Why we need even more
Now let’s say the Administrator wanted the video to appear in a popup once clicked. This is something a themer using diazo can take care of. Again, no templates changed. As long as there are consistent CSS selectors produced by Deco to identify the video and its associated information, anyone with some JQuery knowledge can do this for the Administrator.
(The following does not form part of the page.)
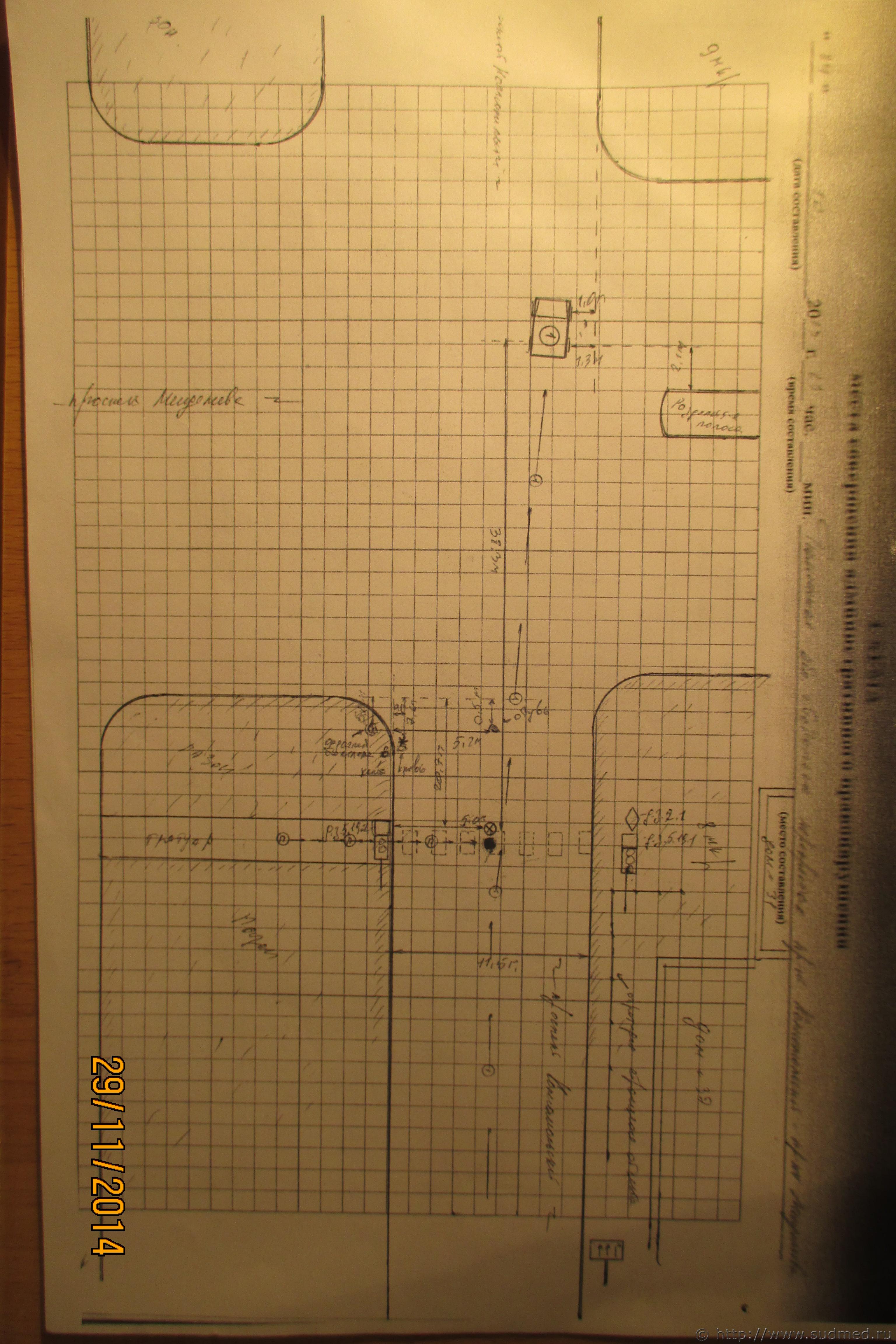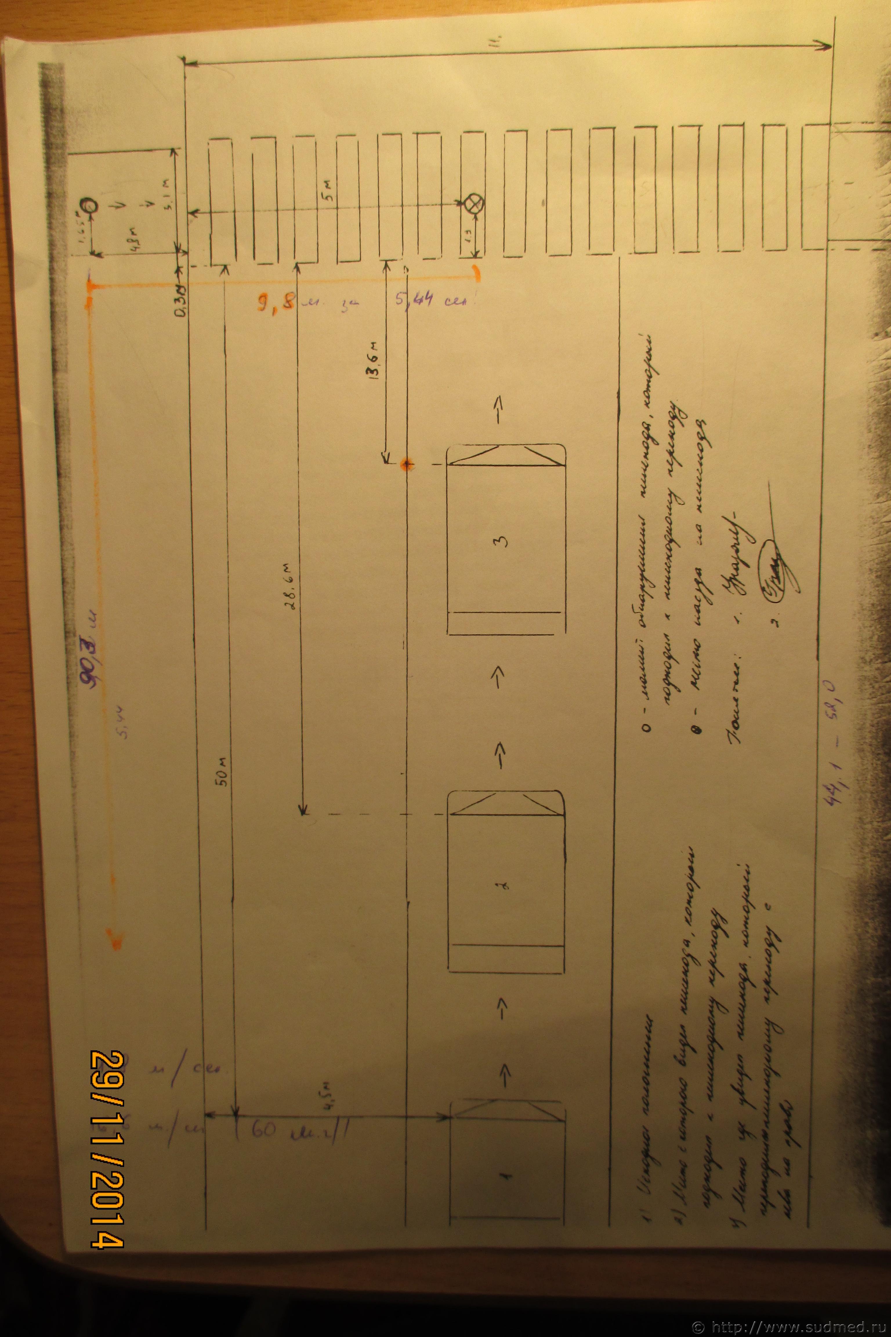 Этого не понял.Если в "Заключении эксперта" не описана одежда,значить труп доставлен в морг без одежды. Судмедэксперт, который делал вскрытие, занимает руководящую должность, он от личной встречи отказывался, ссылаясь на занятость, как отвечала его секретарь (игнорировал меня), потом сам позвонил мне на сотовый телефон и мы пообщались по телефону, сказал, что все показания дал следователю , и удар был спереди во внутреннюю часть левой голени. труп вообще поступил в четверг, экспертиза начата в пятницу утром, а закончена в понедельник, т.е почти 4 дня, все говорил, что тот был "вдрыбаган" пьян. Я вам скинула еще 2 схемы, как шел пешеход, посмотрите пожалуйста, я не могу понять почему мой свидетель утверждает, что он шел (не плелся при такой степени опьянения) со стороны светофора, справа налево, прошел крайнюю правую сторону, а автомобиль должен был поворачивать направо, но проехал прямо. Пешеходу был запрещающий сигнал светофора, но и водителю направо не горел зеленый. На крайней левой и средней полосе стояли машины. Техэспертиза показала, что тот не имел техвозможности предотвратить наезд, нет даже тормозного пути. Если я приду к судмедэксперту на личный прием, он мне обязан выдать журнал, или может мне отказать. Есть ли какие нибудь положения, в которых прописано, что делать с одеждой покойника, если он лежал там 5 дней. На кого мне написать жалобу на следователя или сотрудников морга. Этого не понял.Если в "Заключении эксперта" не описана одежда,значить труп доставлен в морг без одежды. Эскизы прикрепленных изображений |

Let’s say they now wanted a listing all the top 5 video news items on the from page including an image that lets you play the video in a popup. Actually this is something outside of the scope of the current Deco proposal. Deco would let you create a content listing tile similar to a collection portlet now, but currently the format of the listings are “baked in” and would need to be overridden with templates to customize. Crap, we’re back to finding an integrator again :( But it’s easy to see how with an enhanced contentlisting tile plugin there could be a UI to select and arrange fields visually from content items to define a “popup video row”. No Templates required.
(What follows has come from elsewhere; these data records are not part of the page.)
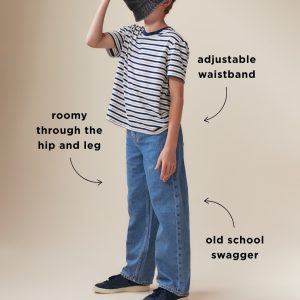 Original Baggy Non-Stretch Jeans for Boys: interior adjustable waistband, sizes 5-8 snap-button closure, regular button closure sizes 10-20, zip fly, #416516
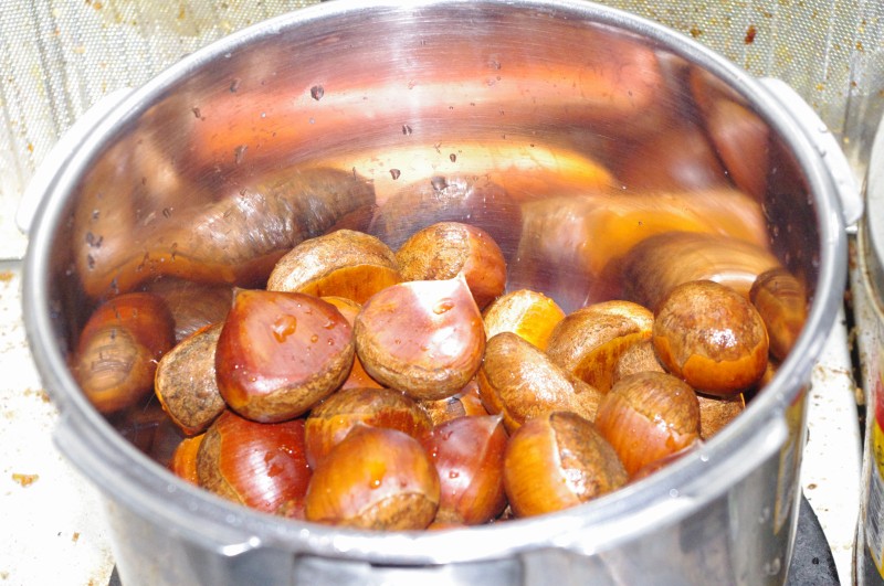 丸い栗は渋皮を残して別に煮ることにしました。圧力鍋大活躍です。
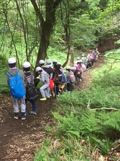 下りもなかなか厳しいコースです。少し滑るところもあり,気が抜けません。途中で,琵琶湖が一望できるところもありました。今日は曇っているにも関わらず,きれいに琵琶湖が見えるには稀とのkぽとでした。何か儲けたような気持になりました。
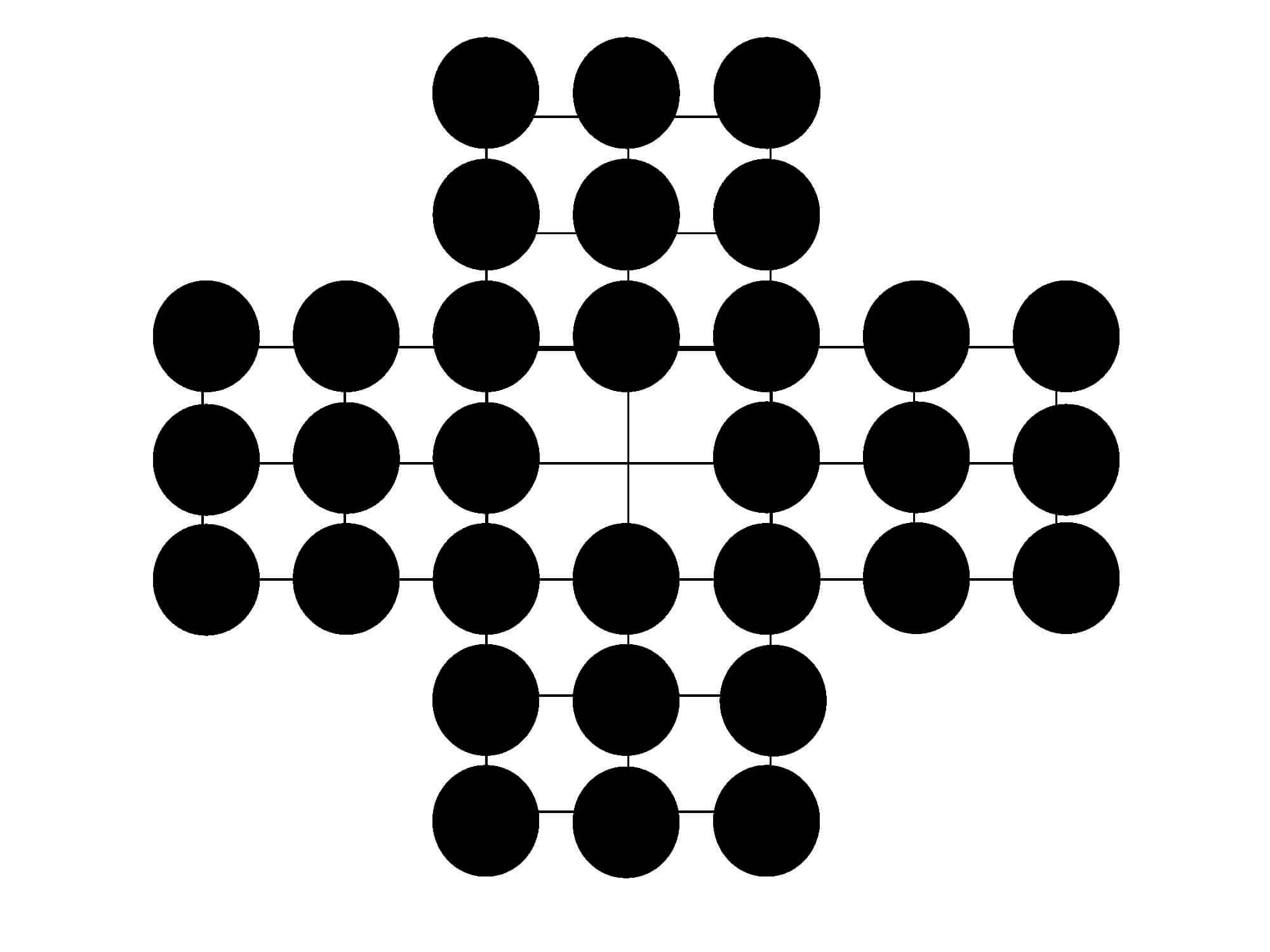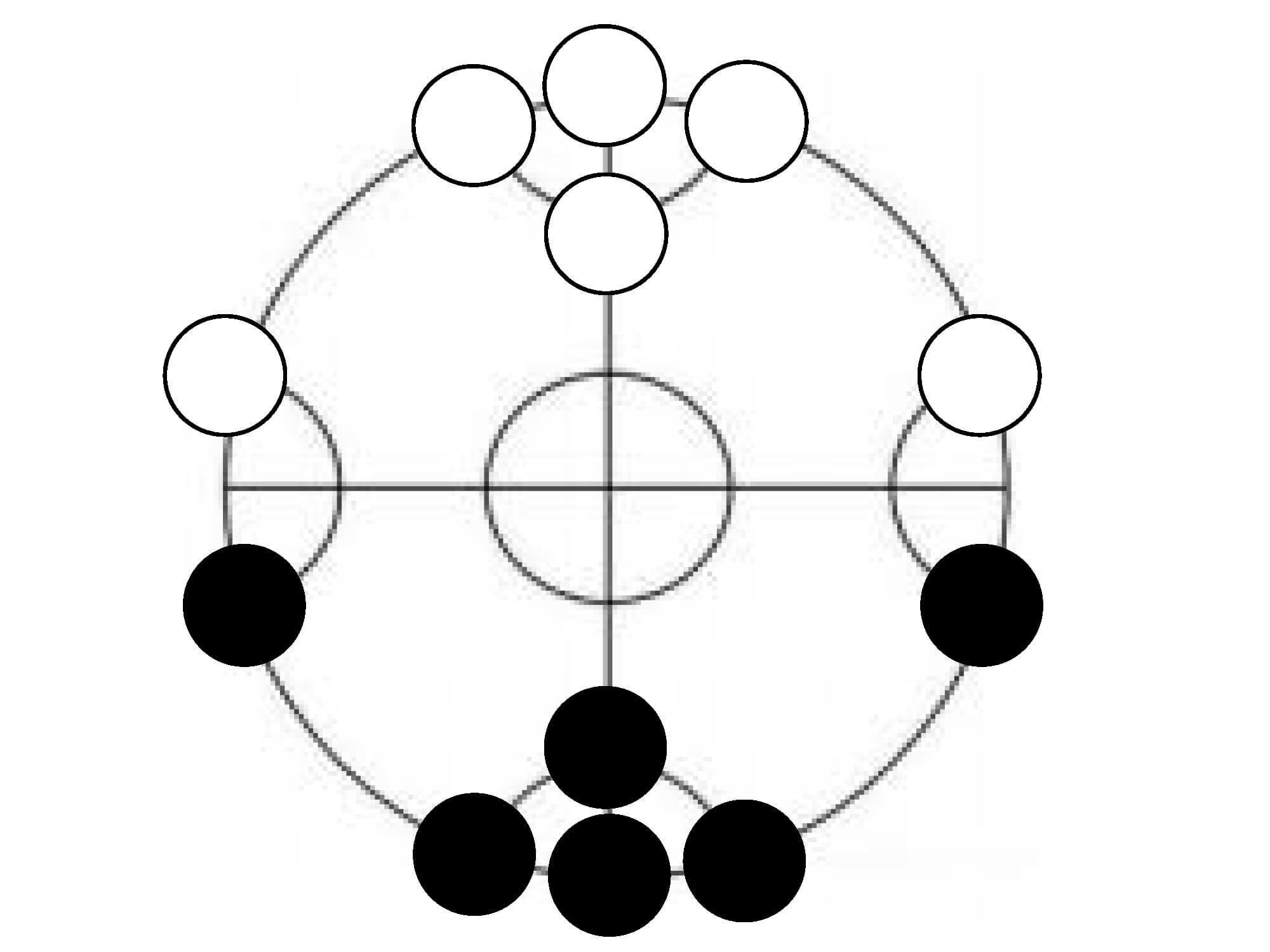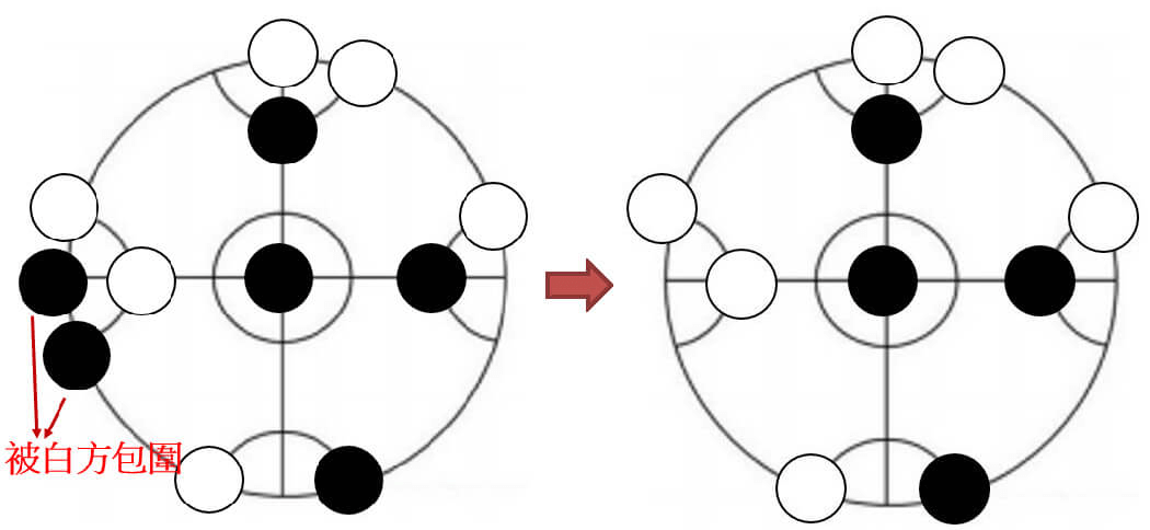 3.每次只能沿線走一步至交叉點,當一方將對方的棋子包圍,使對方棋子不能移動,就可以將這些被包圍的棋子吃掉。

Going beyond Templates: no more expensive Integrators
Hopefully you can see that this no templates thing is a big benefit. Here is where I see Plone can go. We eliminate the integrator role all together. We have a bunch of powerful plugins that allow an Administrator, Editor and Themer to do everything they need to make a modern content site by themselves, and this can be done entirely through a web interface. This means someone can install Plone, and create a very customised site with very little learning at all. It puts Plone squarely ahead of WordPress, Drupal, Joomla, etc. which still rely heavily on PHP template customisations. It opens up Plone to the hobbyist market, the key which has made WordPress the most popular CMS in the world. Unlike its competition, Plone is the “elevator that goes all the way up”. Its enterprise features such as distributed authoring, flexible workflow engine and excellent security record allow it to be used for complex intranets, large content sites and complex extranet/member sites.
By the way, I think another excellent addition to Plone would be TTW localization such that if any templates contained words they wanted to change, they don’t have to resort to template customisation, diazo or custom filesystem locales to make such a simple fix.[1] Actually I’d argue that making an Administrator have to create a whole new Type just to add extra video metadata is still too hard. Instead a better UX might be to let the Administrator create a new Tile Type through the web via some kind of Tile editor and drag that on to the content object. However that’s a whole separate blog post).